The lines from the one with "แผนภูมิสีคริสตัลอะคริลิคแบบกำหนดเอง 110 สี" through the last line of the material below, copied exactly and free of pictures, make up the whole answer.
━━━━━━━━
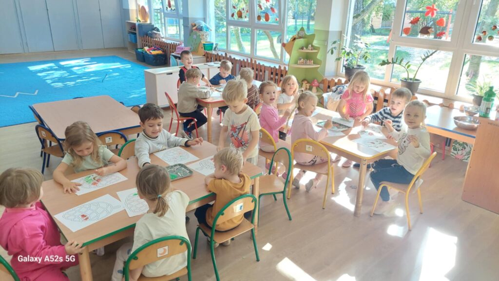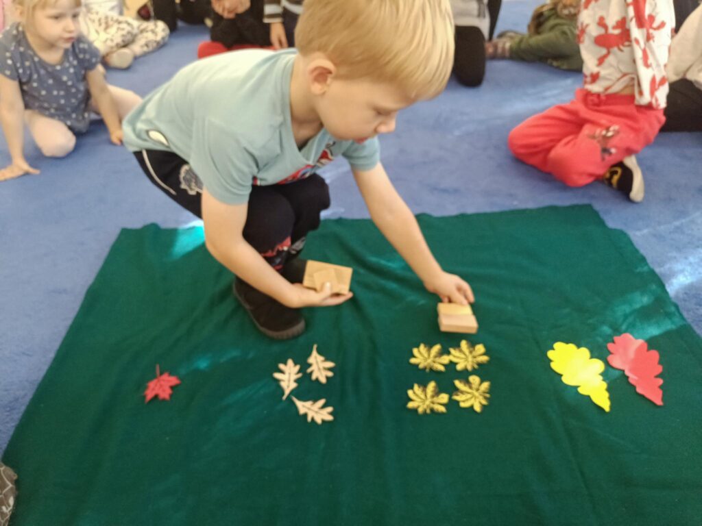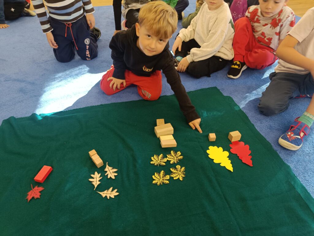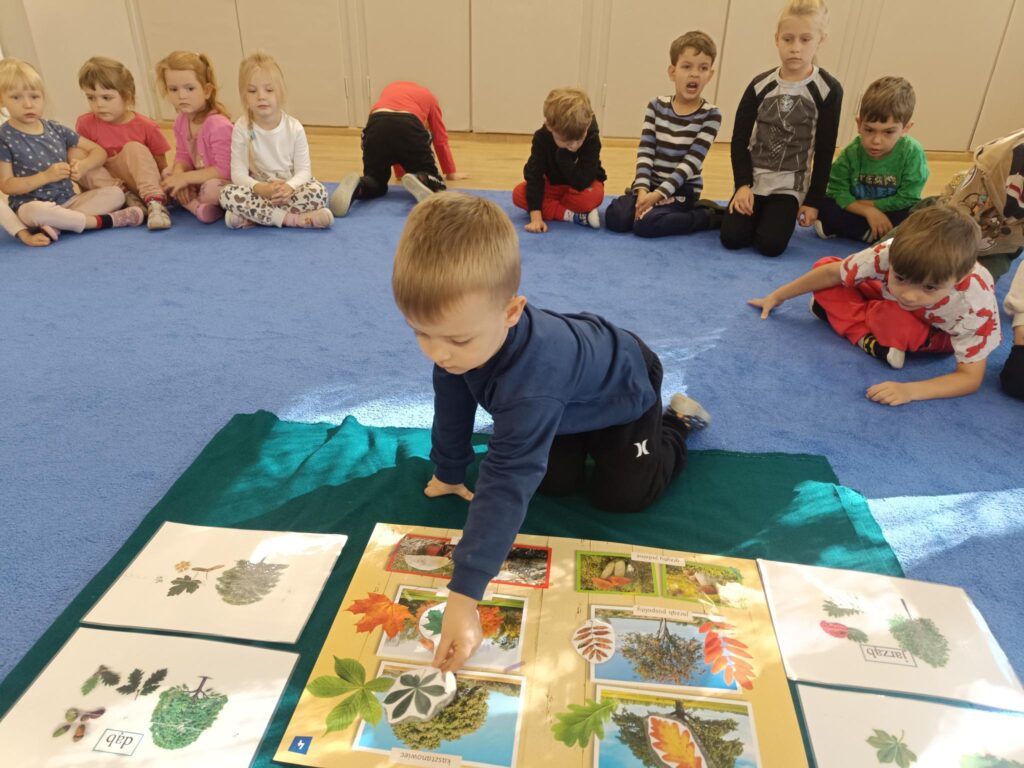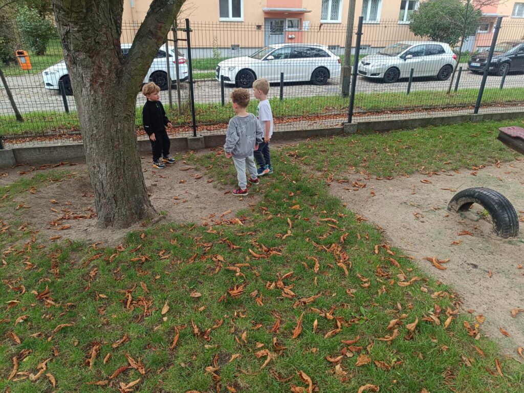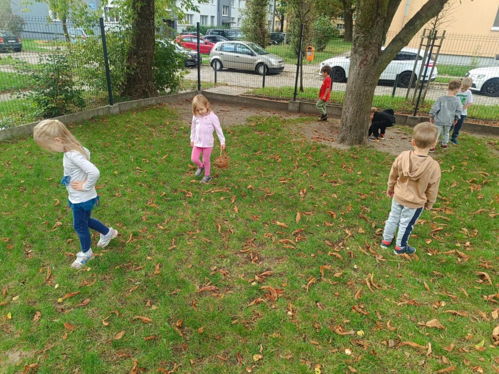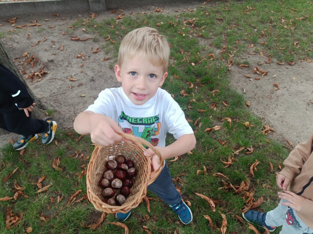 W przedszkolu nadszedł czas na jesienne zabawy, zbieranie liści, szyszek. W sali powstał kącik przyrody wzbogacony o dary jesieni, który tworzy doskonały warsztat do wielozmysłowego poznawania i wzbogacania wiedzy o jesieni. Poszerzyliśmy wiedzę na temat rodzajów drzew i środowisk w których rosną. Zwróciliśmy uwagę na zjawisko zmiany koloru liści i ich utratę przez drzewa w okresie jesieni. Liczyliśmy i klasyfikowaliśmy dary jesieni według podanej cechy. Tworzyliśmy również piękne jesienne prace. Dzieci chętnie korzystały z uroków złotej, polskiej jesieni i spędzały czas na świeżym powietrzu, obserwując zmieniającą się przyrodę, szukając kasztanów, zbierając liście.
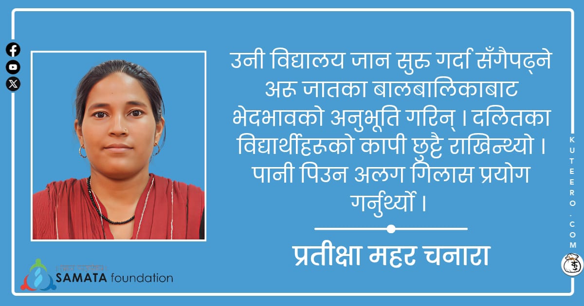 (प्रतिक्षा महर चनारा समता फाउन्डेसनको दलित दलित मानव अधिकार रक्षक हुनुहुन्छ र उहाँ हाल जाजरकोट जिल्लामा रहेर दलित अधिकारको पैरवी गर्दै समतामूलक समाज निर्माण गर्ने गतिविधिमा सक्रिय हुनुहुन्छ।)
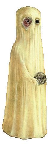 El rostro de la novia aparece cubierto por una espantosa máscara de lechuza, destacando entre el plumaje un ojo humano y una cabeza. En el lado izquierdo, un curioso pájaro sostiene lo que es la punta de una lanza rota, y en el lado opuesto, podemos observar dos extraños seres, una niña con un peinado inquietante y un monstruo diminuto.
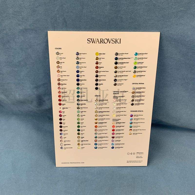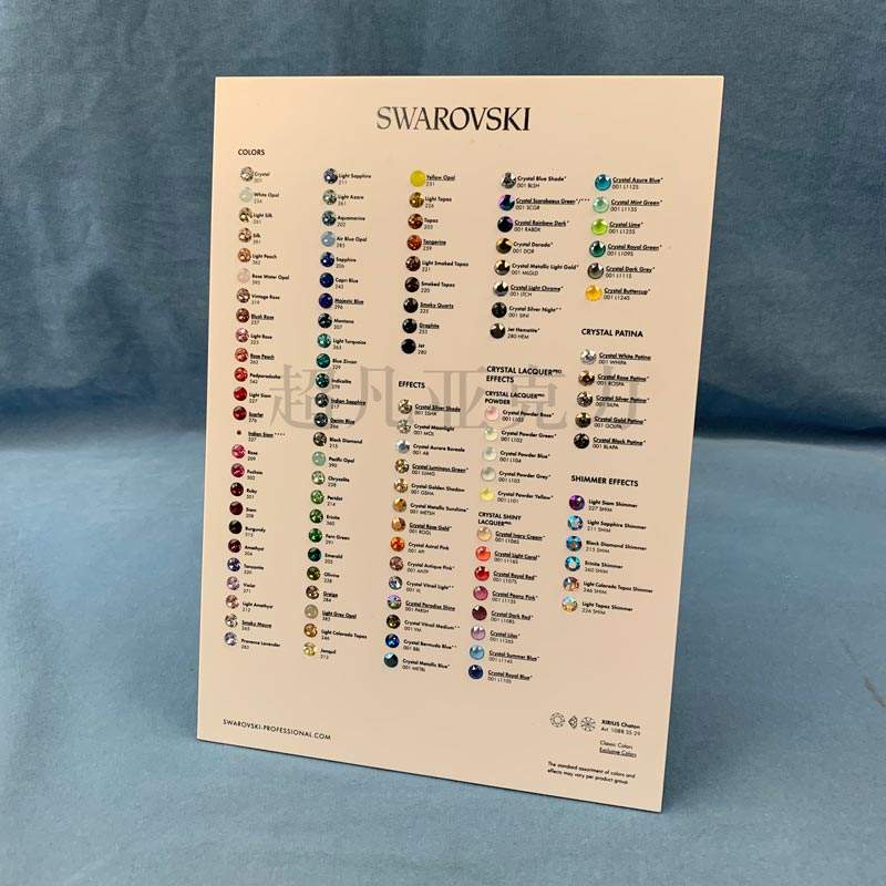 แผนภูมิสีคริสตัลอะคริลิคแบบกำหนดเอง 110 สี สำหรับอัญมณีอะคริลิค สำหรับ Swarovski
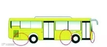 上图中,红色圆圈标示出的三个位置,都是公交车辆的视线盲区。
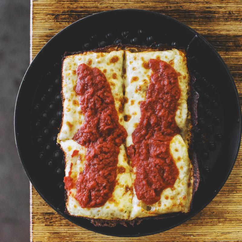 Red sauce, brick cheese, shredded mozzarella | $10 / 17 / 25 / 30
━━━━━━━━
Solution for this exercise:
 แผนภูมิสีคริสตัลอะคริลิคแบบกำหนดเอง 110 สี สำหรับอัญมณีอะคริลิค สำหรับ Swarovski
 上图中,红色圆圈标示出的三个位置,都是公交车辆的视线盲区。
 Red sauce, brick cheese, shredded mozzarella | $10 / 17 / 25 / 30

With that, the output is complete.